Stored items
***

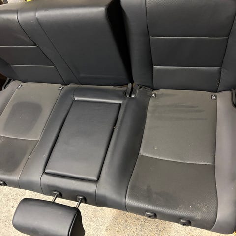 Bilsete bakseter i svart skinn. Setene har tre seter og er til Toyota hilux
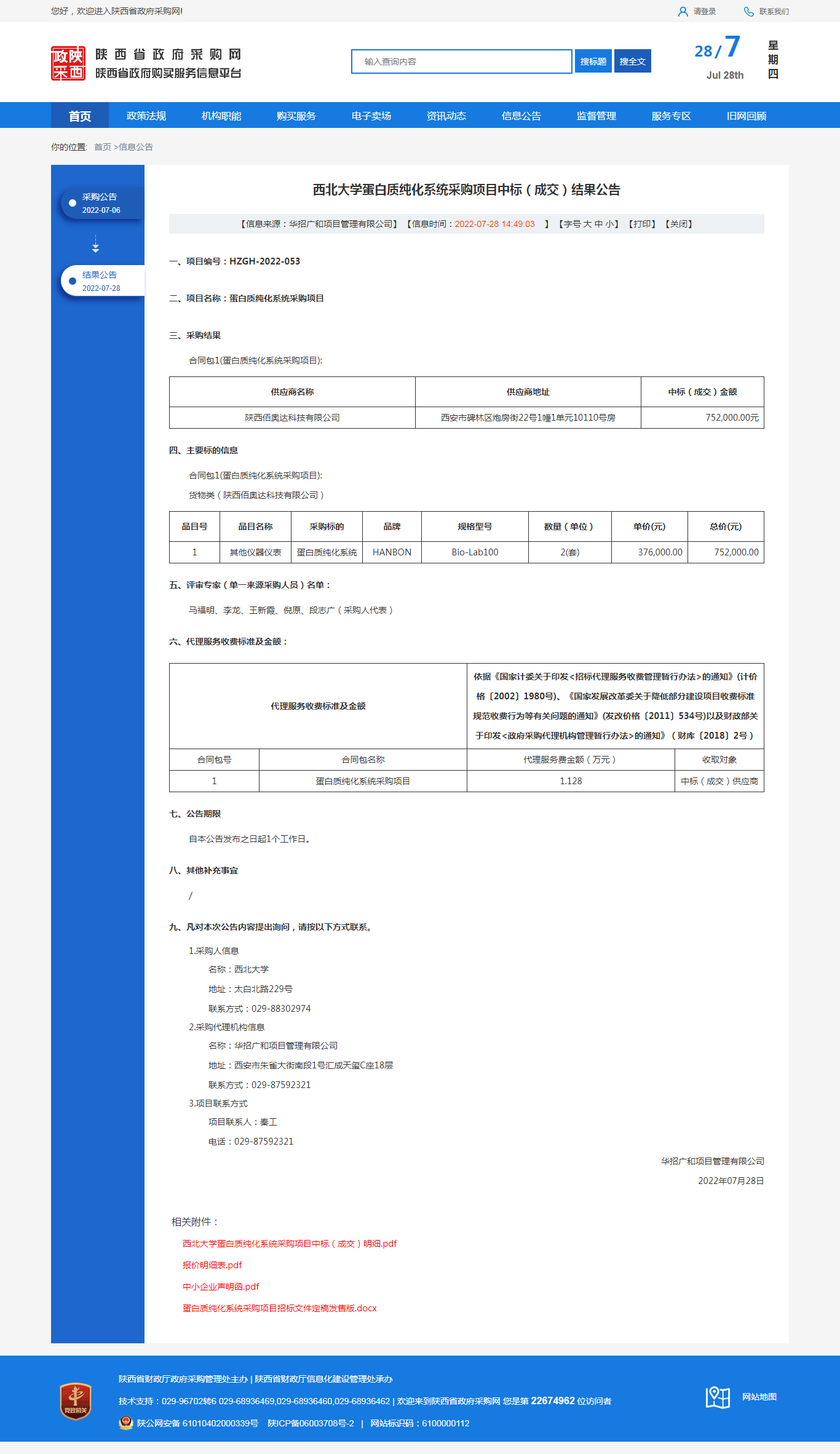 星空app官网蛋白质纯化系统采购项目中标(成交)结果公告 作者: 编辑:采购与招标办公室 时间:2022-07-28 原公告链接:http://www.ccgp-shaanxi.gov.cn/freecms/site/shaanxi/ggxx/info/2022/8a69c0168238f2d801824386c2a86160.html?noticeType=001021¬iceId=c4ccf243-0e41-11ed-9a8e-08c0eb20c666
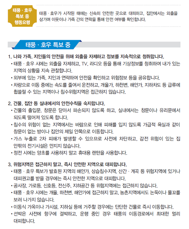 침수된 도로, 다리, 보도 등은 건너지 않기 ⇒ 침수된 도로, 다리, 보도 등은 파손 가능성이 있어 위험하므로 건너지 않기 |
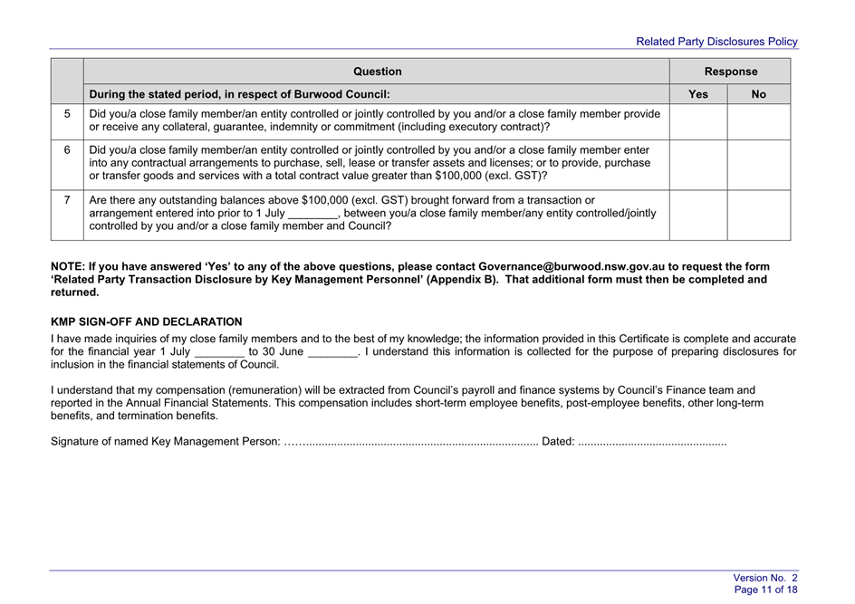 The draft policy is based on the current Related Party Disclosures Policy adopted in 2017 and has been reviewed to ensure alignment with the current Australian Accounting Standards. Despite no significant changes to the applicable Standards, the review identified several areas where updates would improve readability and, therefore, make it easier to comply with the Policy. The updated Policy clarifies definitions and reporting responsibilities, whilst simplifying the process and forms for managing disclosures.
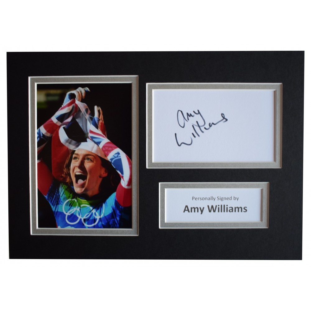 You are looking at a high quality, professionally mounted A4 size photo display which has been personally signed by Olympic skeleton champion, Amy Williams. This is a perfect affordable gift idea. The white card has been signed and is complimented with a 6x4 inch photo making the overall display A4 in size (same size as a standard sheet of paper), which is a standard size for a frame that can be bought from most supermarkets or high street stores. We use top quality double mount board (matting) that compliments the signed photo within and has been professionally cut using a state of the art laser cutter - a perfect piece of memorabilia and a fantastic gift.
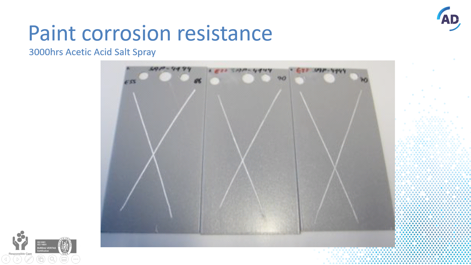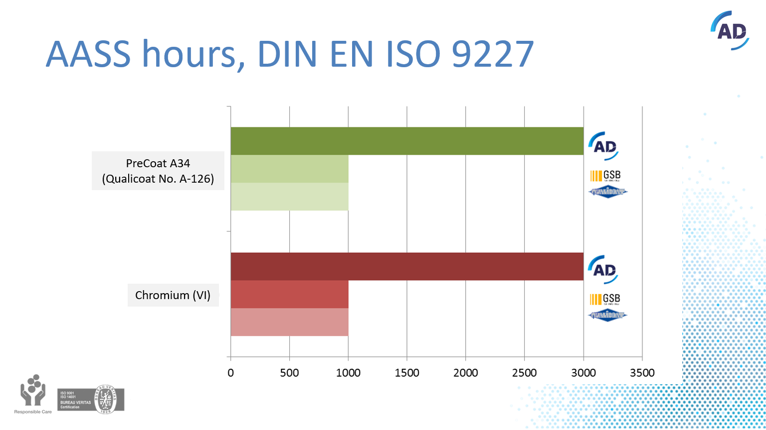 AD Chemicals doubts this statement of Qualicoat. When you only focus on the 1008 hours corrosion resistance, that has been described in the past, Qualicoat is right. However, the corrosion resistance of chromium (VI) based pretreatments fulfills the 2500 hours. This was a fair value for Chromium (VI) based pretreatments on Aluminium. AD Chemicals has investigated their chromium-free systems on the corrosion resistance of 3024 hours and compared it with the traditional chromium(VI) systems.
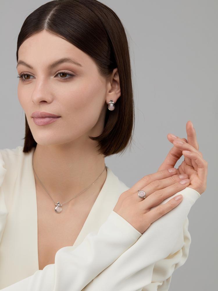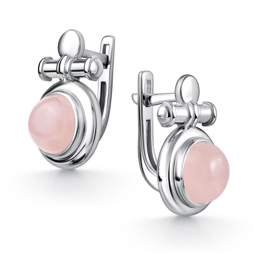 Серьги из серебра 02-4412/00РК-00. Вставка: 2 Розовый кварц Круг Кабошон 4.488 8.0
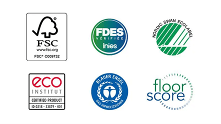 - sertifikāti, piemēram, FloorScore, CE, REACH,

***

* _About this task_
Copy every line of the data exactly as written, excluding the pictures.

* _Result of this task_
 Bilsete bakseter i svart skinn. Setene har tre seter og er til Toyota hilux
 星空app官网蛋白质纯化系统采购项目中标(成交)结果公告 作者: 编辑:采购与招标办公室 时间:2022-07-28 原公告链接:http://www.ccgp-shaanxi.gov.cn/freecms/site/shaanxi/ggxx/info/2022/8a69c0168238f2d801824386c2a86160.html?noticeType=001021¬iceId=c4ccf243-0e41-11ed-9a8e-08c0eb20c666
 침수된 도로, 다리, 보도 등은 건너지 않기 ⇒ 침수된 도로, 다리, 보도 등은 파손 가능성이 있어 위험하므로 건너지 않기 |
 The draft policy is based on the current Related Party Disclosures Policy adopted in 2017 and has been reviewed to ensure alignment with the current Australian Accounting Standards. Despite no significant changes to the applicable Standards, the review identified several areas where updates would improve readability and, therefore, make it easier to comply with the Policy. The updated Policy clarifies definitions and reporting responsibilities, whilst simplifying the process and forms for managing disclosures.
 You are looking at a high quality, professionally mounted A4 size photo display which has been personally signed by Olympic skeleton champion, Amy Williams. This is a perfect affordable gift idea. The white card has been signed and is complimented with a 6x4 inch photo making the overall display A4 in size (same size as a standard sheet of paper), which is a standard size for a frame that can be bought from most supermarkets or high street stores. We use top quality double mount board (matting) that compliments the signed photo within and has been professionally cut using a state of the art laser cutter - a perfect piece of memorabilia and a fantastic gift.
 AD Chemicals doubts this statement of Qualicoat. When you only focus on the 1008 hours corrosion resistance, that has been described in the past, Qualicoat is right. However, the corrosion resistance of chromium (VI) based pretreatments fulfills the 2500 hours. This was a fair value for Chromium (VI) based pretreatments on Aluminium. AD Chemicals has investigated their chromium-free systems on the corrosion resistance of 3024 hours and compared it with the traditional chromium(VI) systems.
 Серьги из серебра 02-4412/00РК-00. Вставка: 2 Розовый кварц Круг Кабошон 4.488 8.0
 - sertifikāti, piemēram, FloorScore, CE, REACH,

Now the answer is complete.